Type: | Package |
Title: | Prioritize and Delete Erroneous Taxa in a Large Phylogenetic Tree |
Version: | 3.0.1 |
Date: | 2025-05-09 |
Description: | Finds, prioritizes and deletes erroneous taxa in a phylogenetic tree. This package calculates scores for taxa in a tree. Higher score means the taxon is more erroneous. If the score is zero for a taxon, the taxon is not erroneous. This package also can remove all erroneous taxa automatically by iterating score calculation and pruning taxa with the highest score. |
License: | MIT + file LICENSE |
Encoding: | UTF-8 |
LazyData: | true |
URL: | https://github.com/Sa-to-shi-A-o-ki/Apoderoides |
BugReports: | https://github.com/Sa-to-shi-A-o-ki/Apoderoides/issues |
Depends: | R (≥ 3.5.0) |
Imports: | ape, Rcpp, RcppProgress |
LinkingTo: | Rcpp,RcppProgress |
Suggests: | knitr, rmarkdown |
VignetteBuilder: | knitr |
NeedsCompilation: | yes |
Packaged: | 2025-05-09 06:15:58 UTC; PC |
Author: | Satoshi Aoki [aut, cph, cre], Keita Fukasawa [ctb] |
Maintainer: | Satoshi Aoki <aokis1ll1@gmail.com> |
Repository: | CRAN |
Date/Publication: | 2025-05-09 13:30:02 UTC |
Internal Apoderoides Functions
Description
Internal Apoderoides functions
Details
These are not to be called by the user.
Value
Different values, depending on the function.
autoDeletion
Description
Iterate calc.Score() and deleteAnomaly() until all the tree tips have 0 score or the number of the tips becomes three or lower.
Usage
autoDeletion(
tree,OTUrankData=NULL,
show_progress=TRUE,num_threads=1,
prior="MRCA",criteria="composite"
)
Arguments
tree |
A phylogenetic tree to be checked.
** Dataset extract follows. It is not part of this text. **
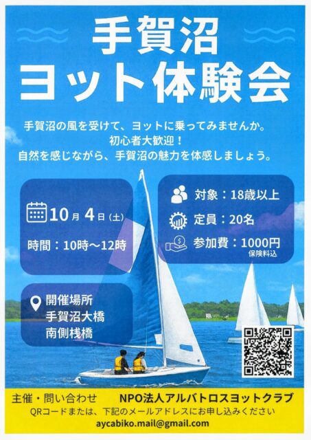 アルバトロスヨットクラブによる初心者向けヨット体験会が開催されます。

This is loaded by ape::read.tree() from a file. |
OTUrankData |
A list composed of two character vectors. The first vector is tips of tree. The second vector is the upper rank of the tips. When this is NULL, the function assumes that all the tree tips are expressed as Genus_species like Homo_sapience, and calculates for genera. When this is not NULL, the function calculates based on the upper rank in this list. |
show_progress |
If TRUE, calculation progress is shown on the R console. |
num_threads |
A positive integer to specify the number of threads to calculate. |
prior |
Used only when "criteria" is "both". "MRCA" or "centroid". This argument defines the prioritized score when scores based on MRCA and centroid are equal. |
criteria |
Criteria nodes to calculate the scores."composite", "both", "MRCA" or "centroid". "MRCA" and "centroid" use their corresponding node to calculate both intruder and outlier scores. "composite" calculates intruder scores using MRCA and outlier ones using centroid, which is empirically known to be most effective. "both" calculates both of MRCA-based and centroid-based scores and uses the highest one to select taxa to be deleted. |
Value
A list of the length three or four. The first element is a list of phylogenetic tree from which erroneous taxa are deleted. The second is a character vector of deleted taxa. The third and fourth are a list of lists showing the transition of the scores. When criteria is "both", third and fourth elements correspond to scores based on MRCA and centroid, respectively. See calc.Score about the contents of the third and fourth elements.
Examples
data(testTree)
data(testRankList)
#calculate scores for the rank in the list, and delete all the erroneous tips
#this takes tens of seconds for calculation
result<-autoDeletion(testTree,testRankList)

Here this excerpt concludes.